### [Brief]
Write out the data word for word, taking care that no picture is carried over.

----- Recorded information -----

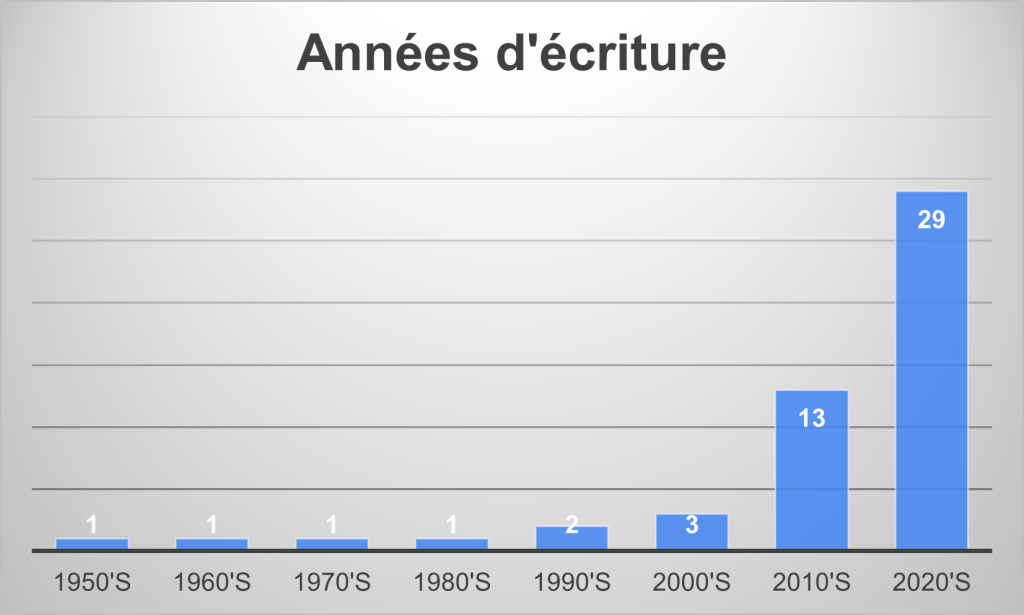 Notons une majorité de livres récents, sortis dans les années 2020, voire 2010. Certains auteurs sont peut-être traduits plus rapidement, et il faut aussi ajouter les plumes francophones, dont la plupart de ces publications sont une première édition au format poche.
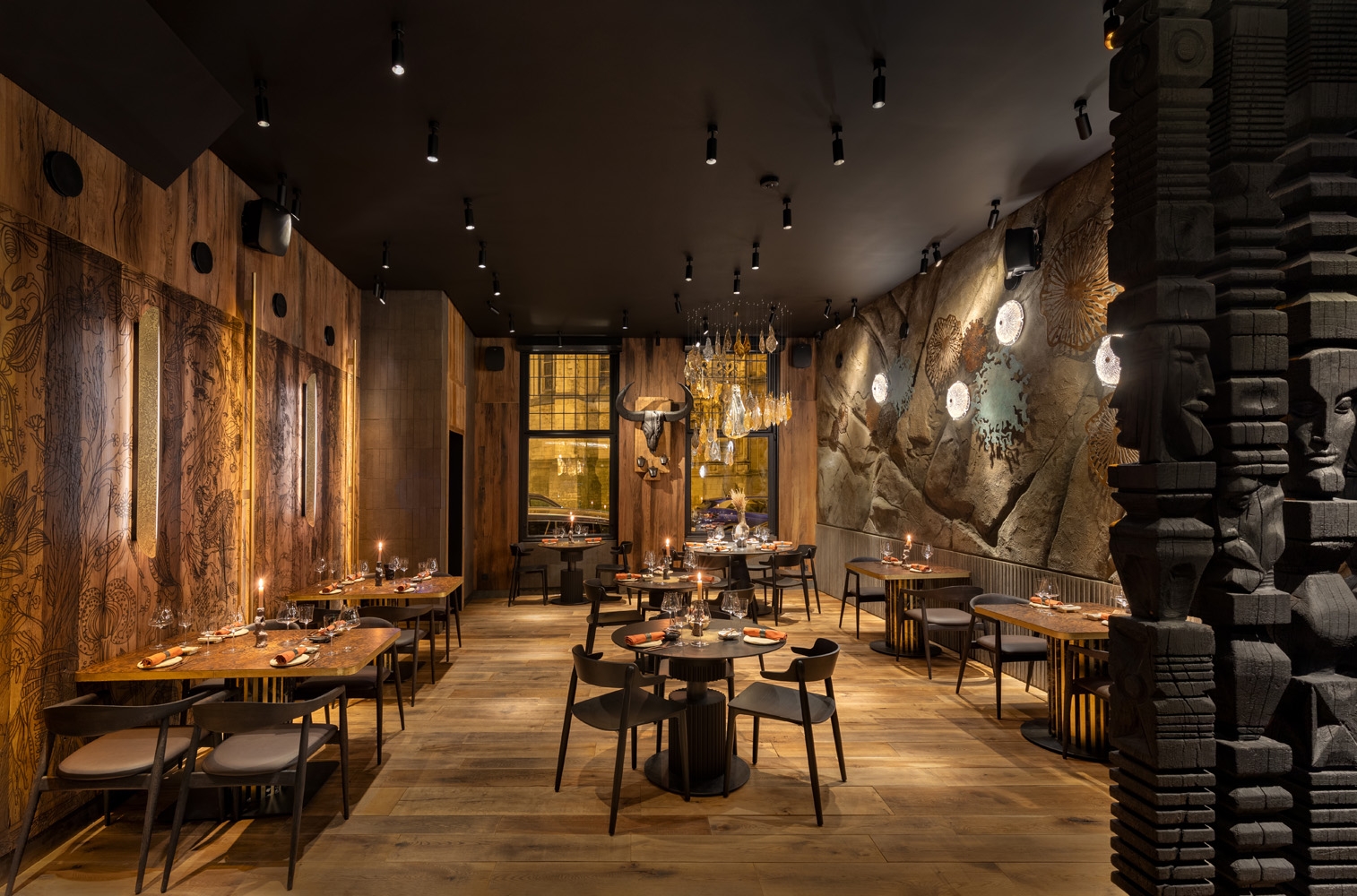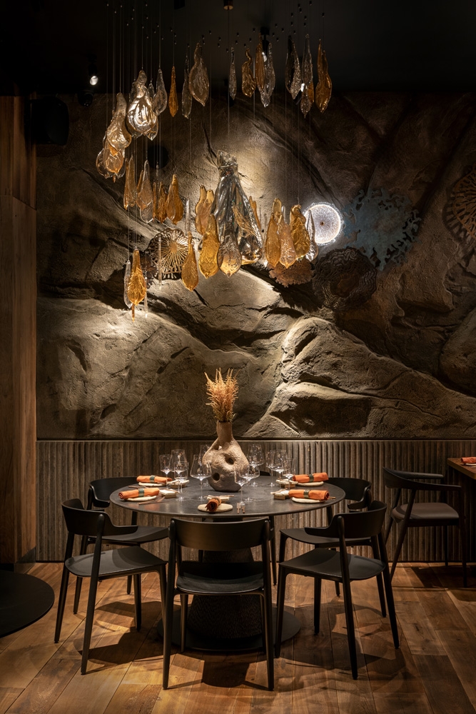 The most striking element is the bespoke light-glass chandelier, born from the symbolism of the molfar — a fusion of mirrors, “fire,” and botanical motifs. Mirror fragments at different angles produce multiple reflections of fiery elements, while amber tints emphasize textures of herbs, smoke, and flame.
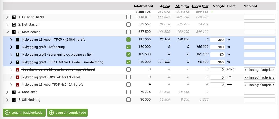 Se utklipp under. Her har vi brukt fastpriskostnader fra entreprenør (blåmarkert), som erstatter budsjettkodene (gjennomstreket).

-----

### [Task response]
 Notons une majorité de livres récents, sortis dans les années 2020, voire 2010. Certains auteurs sont peut-être traduits plus rapidement, et il faut aussi ajouter les plumes francophones, dont la plupart de ces publications sont une première édition au format poche.
 The most striking element is the bespoke light-glass chandelier, born from the symbolism of the molfar — a fusion of mirrors, “fire,” and botanical motifs. Mirror fragments at different angles produce multiple reflections of fiery elements, while amber tints emphasize textures of herbs, smoke, and flame.
 Se utklipp under. Her har vi brukt fastpriskostnader fra entreprenør (blåmarkert), som erstatter budsjettkodene (gjennomstreket).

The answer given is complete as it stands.